The invention discloses a characteristic miRNA expression profile combination and an early endometrial cancer prediction method, wherein a nucleotide probe sequence of miRNA is shown in SEQ ID NO. 1-12. The method for evaluating the early-stage risk of endometrial cancer based on the miRNA expression profile combined characteristics has high precision and accuracy (AUC (area under ROC curve) ═ 0.994). The relative expression quantity of the 12 miRNAs is only required to be obtained, the early stage endometrial cancer morbidity is calculated through a support vector machine model, and the early stage endometrial cancer morbidity can be used as a reference basis for early stage endometrial cancer prediction.

Description

Characteristic miRNA expression profile combination and endometrial cancer early-stage prediction method
Technical Field
The invention belongs to the technical field of biotechnology and medicine, and particularly relates to a characteristic miRNA expression profile combination and an early endometrial cancer prediction method.
Background
Endometrial cancer (endometrial carcinoma) is an epithelial malignancy that occurs in the endometrium, frequently in perimenopausal and postmenopausal women. Endometrial cancer is one of the most common tumors of the female reproductive system, the incidence of which is closely related to life style, and the incidence rate is greatly different in various regions. The most common symptoms of endometrial cancer are postmenopausal or perimenopausal bleeding, which is difficult to diagnose early. Global Burden of Disease (GBD) data shows that the number of people with uterine cancer worldwide in 2017 is over 300 million, with the number of people with uterine cancer in china being about 53 million. The number of deaths with uterine cancer in 2017 is about 85 ten thousand, accounting for 0.15% of the total deaths. The number of the death patients in 2017 in China is about 12 thousands, accounting for 0.12 percent of the total death number. Statistics show that global uterine cancer prevalence and mortality rates continue to increase from 1990 to 2017. The prevalence rate of endometrial cancer in China is consistent with that of the endometrial cancer in the world, and the death rate is relatively stable.

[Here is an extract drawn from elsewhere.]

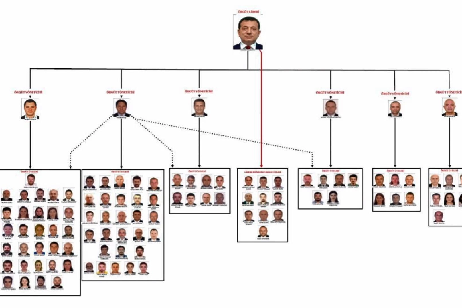 Hazırlanan iddianamede, Ekrem İmamoğlu liderliğinde kurulan 'İmamoğlu Çıkar Amaçlı Suç Örgütü' nün silahlı olmadığı, maddi menfaate dayalı ve fikir amaçlı kurulduğu, bundan kaynaklı örgütün gerçekleştirdiği eylemlerinde daha çok kamunun kendilerine sağlamış olduğu gücü kullandıkları belirtildi. Ayrıca hem örgüte üyeliği bulunan şüphelilerin hem de örgütün oluşturduğu 'Sisteme' para aktaran şüphelilerin kendi çıkarlarının da örgüt çıkarlarıyla paralel nitelikte olmasından kaynaklandığı, 'Sisteme' doğrudan veya dolaylı olarak para aktarmak zorunda kalan mağdur kişilerin ise örgütün kamusal gücünden korktuklarının anlaşıldığı tespit edildi. İddianamede, liderliğini şüpheli Ekrem İmamoğlu’nun yapmış olduğu suç örgütünün yöneticiliğini şüpheliler Murat Ongun, Ertan Yıldız, Fatih Keleş, Adem Soytekin, Murat Gülibrahimoğlu ve Hüseyin Gün’ün yaptığı bilgisi yer aldı. Öte yandan Tuncay Yılmaz, Mehmet Murat Çalık, Resul Emrah Şahan, Yakup Öner, Mustafa Akın, Cevat Kaya, Seza Büyükçulha ve Mehmet Pehlivan arasında herhangi bir örgüt yöneticisi olmaksızın doğrudan örgüt liderine bağlı hareket edip liderden almış oldukları emir ve talimatları yerine getirildiği tespit edildi. 'Suç örgütünün üye ya da yöneticilerinin bir kısmı, örgüt liderinde olduğu gibi kamu görevlilerinden oluşmaktadır' denilen iddianamede, örgütün yapılanmasının da kamu kurumları içerisindeki ilişkilerle oluştuğu ve kamunun sağlamış olduğu nüfuz ve kaynakları kullanarak örgütün büyümesinin gerçekleştiği, örgüt içerisindeki şüphelilerin örgüt içi hiyerarşik yapıdaki bulundukları pozisyonla örgüt üyesi ya da yöneticilerin resmi görevleri olan kamu kurumu içerisindeki görev tanımları arasında farklılıklar mevcut olduğu belirtildi.

A Support Vector Machine (SVM) is a generalized linear classifier that performs binary classification on data in a supervised learning manner, and a decision boundary of the SVM is a maximum edge distance hyperplane for solving a learning sample. The SVM model represents instances as points in space, so that the mapping is such that instances of the individual classes are separated by as wide an apparent interval as possible. The new instances are then mapped to the same space and the categories are predicted based on which side of the interval they fall on. When the training data is linearly separable, the SVM is classified by hard interval maximization learning. When the training data is linearly non-separable, the SVM is classified by using a kernel technique and soft interval maximization learning. SVMs are powerful for medium-sized data sets with similar meaning of features and are also suitable for small data sets. In general, the prediction effect is good for the SVM data set with the sample size less than 1 ten thousand. SVM has a wide range of applications in disease diagnosis, tumor classification, tumor gene recognition, and the like.
Early diagnosis of tumors has been a difficult problem in the medical community. The existing early diagnosis methods mostly observe the expression level of a certain marker or a class of markers, and the ideal diagnosis effect is difficult to achieve. Since the expression profiles of these markers in tumor patients and normal populations partially overlap, it is difficult to define a cut-off for the markers that better separates tumor patients from normal populations. Therefore, the use of multiple marker expression signature combinations may be an effective method for early diagnosis of tumors. MicroRNA (miRNA) is a non-coding single-stranded RNA molecule of about 21-25 nucleotides in length encoded by an endogenous gene that regulates gene expression primarily in a variety of ways. miRNA is relatively stable in expression in human body and easy to detect. Since the expression distribution of individual mirnas overlaps in tumor and normal populations, it is difficult to define the critical value for early diagnosis.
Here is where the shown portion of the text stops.